Jorge Manuel Lopes

De Filadélfia, com amor


Crítica de música, por Jorge Manuel Lopes.

Há meio século, a dupla de produtores e compositores Kenneth Gamble e Leon Huff, com a ajuda essencial de Thom Bell, deu à sua cidade uma editora e uma sonoridade que se transformou numa cultura global. A Philadelphia International Recordings formou um núcleo de músicos e artistas locais e procedeu a uma atualização sumptuosa da Soul, do R&B e do Funk. Geraram um estilo, a Philly Soul, abriram o caminho para o disco e colecionaram êxitos nos anos 1970 e 80. A sua influência na música negra e de dança não se esbateu até hoje.

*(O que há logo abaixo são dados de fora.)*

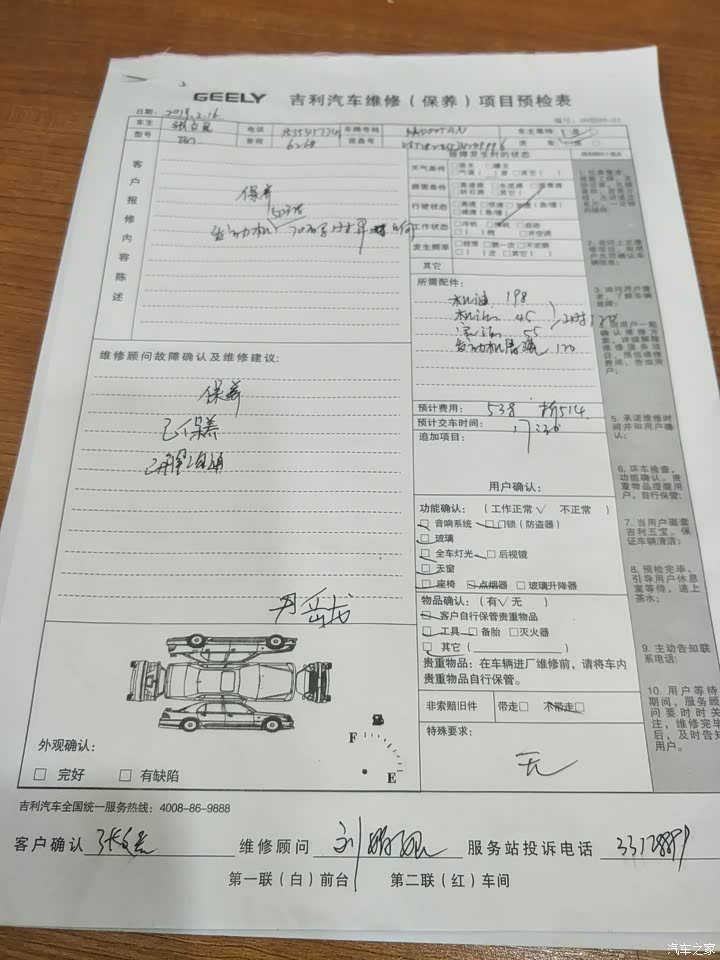 首保免费的,没有注意去看,二保自费,自己全程在旁边看着,保养的项目有清洗发动机,换机油,换机滤,空滤,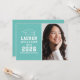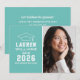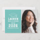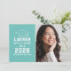 Anuncie seu segundo grau ou formando universitário em estilo com este anúncio de graduação e convite de festas. A placa de dois lados apresenta um retrato mais velho do formando com boné formando e design de tipografia branca simples e moderna. O fundo azul do ovo do aqua ou do robin pode ser alterado para uma cor diferente com o recurso "Personalizar" e, em seguida, Editar / Fundo para selecionar outra cor.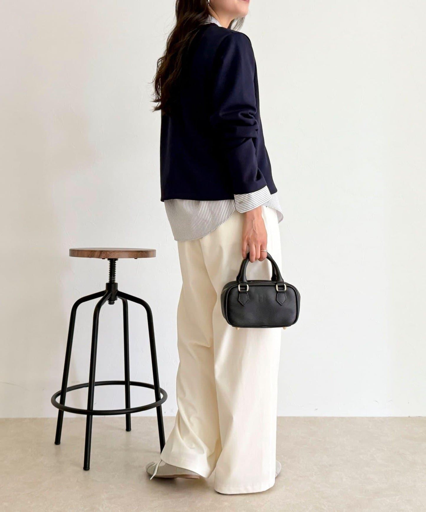 身高 156cm 的工作人員(穿 38 號):長度約在腰部,易於與褲子和裙子搭配。

A caixa “Get on board the soul train: The sound of Philadelphia International Records volume 1” junta os primeiros oito álbuns lançados pela editora entre 1971 e 73, mais uns brindes, prometendo assim inaugurar um projeto de reedição integral. Tudo começou, e começa, com Billy Paul, aqui com três discos a meio caminho entre uma Soul com fortes reflexos da década anterior e as primeiras, ambiciosas, agitações rítmicas e orquestrais dos novos tempos. Harold Melvin & the Blue Notes estreiam-se em longa-duração através de “I miss you”. Há romantismo requintado e admirável apuro no canto, e um Teddy Pendergrass já em destaque. Contém “If you don’t know me by now”, êxito à época e de novo em 1989 pelos Simply Red. O salto registado em “Back stabbers”, do trio O’Jays, é notório e nele vislumbra-se enfim, de forma nítida, a estética da editora: Funk e Soul numa síntese orquestral luxuosa e dinâmica, versos de observação social e celebração da dança, um hedonismo utópico, comunitário. O único álbum do havaiano Dick Jensen para esta etiqueta, homónimo, é o menos alinhado nos carris sonoros da casa, pop melodramática reminiscente de um Tom Jones ou Scott Walker do Pacífico. The Intruders foram das primeiras escolhas de Gamble e Huff para a nova editora e em “Save the children” toda a doçura soul em manta instrumental requintada está presente. O trabalho com mais sementes plantadas é a estreia homónima dos MFSB, ajuntamento fluido de músicos da casa que lança os alicerces multiculturais, multissensoriais e virtuosos do disco. “MFSB” (iniciais de “mother father sister brother”) é uma obra-prima visionária; tem salsa, jazz, tem visão. Bem-vindos ao big bang, em direto de Filadélfia.